Exercise description: Each line below must be transcribed exactly, and no picture may appear in the transcription.

Data section:
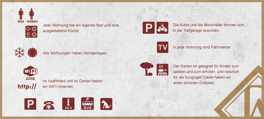 Diamant Apartment wurde im Jahr 2003 eröffnet, und besteht aus 2 Gebäuden, bietet 15 Apartments, die je zum Empfang 2- 6 Personen geeignet sind. Wir haben 1, 2 und 3 Zimmer Wohnungen, je mit ausgestatette Küche und Badezimmer.
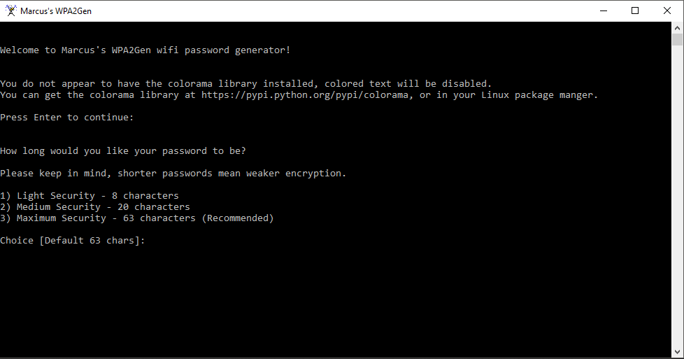 WPA2Gen is an Open Source, Command Prompt Wi-Fi password generator written in Python for Windows and Unix systems.
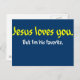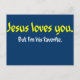 Jesus loves you. But I'm his favourite. Know someone who has a high opinion of themselves? You don't have to be a narcissist to enjoy this humourous phrase.

Response for this exercise:
 Diamant Apartment wurde im Jahr 2003 eröffnet, und besteht aus 2 Gebäuden, bietet 15 Apartments, die je zum Empfang 2- 6 Personen geeignet sind. Wir haben 1, 2 und 3 Zimmer Wohnungen, je mit ausgestatette Küche und Badezimmer.
 WPA2Gen is an Open Source, Command Prompt Wi-Fi password generator written in Python for Windows and Unix systems.
 Jesus loves you. But I'm his favourite. Know someone who has a high opinion of themselves? You don't have to be a narcissist to enjoy this humourous phrase.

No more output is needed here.